Cafferkey was detailed to police Brogan that day and while James Horan suggested Cafferkey did very little wrong, laying much of the blame on the absence of pressure out the field, it will be interesting to see if he is asked to take up Brogan again.
Last year, after a poor showing against Michael Murphy in the league, James Horan decided he wasn’t the man for Murphy in the championship. He paid a heavy price for that decision.
Perhaps the most impressive aspect of Mayo’s end of season recovery has been the improvement of their discipline in the tackle. After conceding 0-7 from free kicks against Down just over a month ago, Mayo have refocused, conceding only 0-2 against Kildare, 0-3 against Donegal and 0-3 last weekend against Cork.
It was perhaps in the second half last Sunday in Páirc Uí Chaoimh that we got the clearest indication yet that Donie Buckley’s work is staring to produce results and the amount of times Mayo players were able to smother the man in possession without giving away a cheap free was noteworthy.
Indeed Mayo appear to have perfected the art of forcing a ball carrier into over-carrying and Dublin will have to be as slick as they’ve been all year to progress tomorrow.
Whether the Dubs prevail or not depends on Mayo and on referee Joe McQuillan’s interpretation of their play. In last year’s All-Ireland semi-final against Dublin McQuillan allowed Mayo engage in some disruptive play that ultimately paid dividends.
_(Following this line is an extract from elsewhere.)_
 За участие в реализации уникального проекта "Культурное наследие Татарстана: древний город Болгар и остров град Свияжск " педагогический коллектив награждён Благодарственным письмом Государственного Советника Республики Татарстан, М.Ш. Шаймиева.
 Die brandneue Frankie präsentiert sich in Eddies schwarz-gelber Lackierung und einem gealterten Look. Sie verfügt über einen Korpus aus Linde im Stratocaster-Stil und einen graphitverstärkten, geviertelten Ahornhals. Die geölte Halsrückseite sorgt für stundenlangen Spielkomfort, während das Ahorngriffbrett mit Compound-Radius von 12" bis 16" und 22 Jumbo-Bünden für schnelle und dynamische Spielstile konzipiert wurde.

Mayo have improved beyond measure in their tackling but McQuillan wouldn’t be human were his antennae not more finely tuned to the type of infringements he allowed to go unpunished last year.
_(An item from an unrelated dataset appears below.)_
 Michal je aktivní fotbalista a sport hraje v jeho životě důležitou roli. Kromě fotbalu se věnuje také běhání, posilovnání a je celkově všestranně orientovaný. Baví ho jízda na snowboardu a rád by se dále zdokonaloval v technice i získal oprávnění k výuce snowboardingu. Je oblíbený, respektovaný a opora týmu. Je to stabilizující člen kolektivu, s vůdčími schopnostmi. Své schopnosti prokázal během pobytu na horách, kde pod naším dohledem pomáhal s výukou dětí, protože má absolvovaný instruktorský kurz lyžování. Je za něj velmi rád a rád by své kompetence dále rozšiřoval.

On the basis that Mayo may have one eye on their May 19 date with Galway and might not want or need another day out in two weeks’ time, I take Dublin to win.
Of the teams lining out in the curtain-raiser tomorrow, Tyrone must be the most distracted, given that it is only six weeks to their match with Donegal, the most compelling fixture from this year’s provincial championships.
Kildare return to the scene of their drubbing at the hands of the Dubs a few weeks back and as with their opponents tomorrow, they arrive having lost a relatively meaningless game last weekend.
For all of the talk of renewal and regeneration in Tyrone since the start of the year, they were still reliant on the old stagers — Gormley, McMahon, Cavanagh and O’Neill — to carry the fight to Kerry in the second half six days ago.
In fact, Kildare’s young brigade have left a far greater impression on this year’s league than Tyrone’s and that in itself is encouraging for them.
It is perhaps significant to note that in the one and a half games Tyrone have lost this season against Munster opposition, the influence of Cavanagh and O’ Neill has been negated.
If Kildare can do the same tomorrow they could win, but it’s a big if. Tyrone to advance.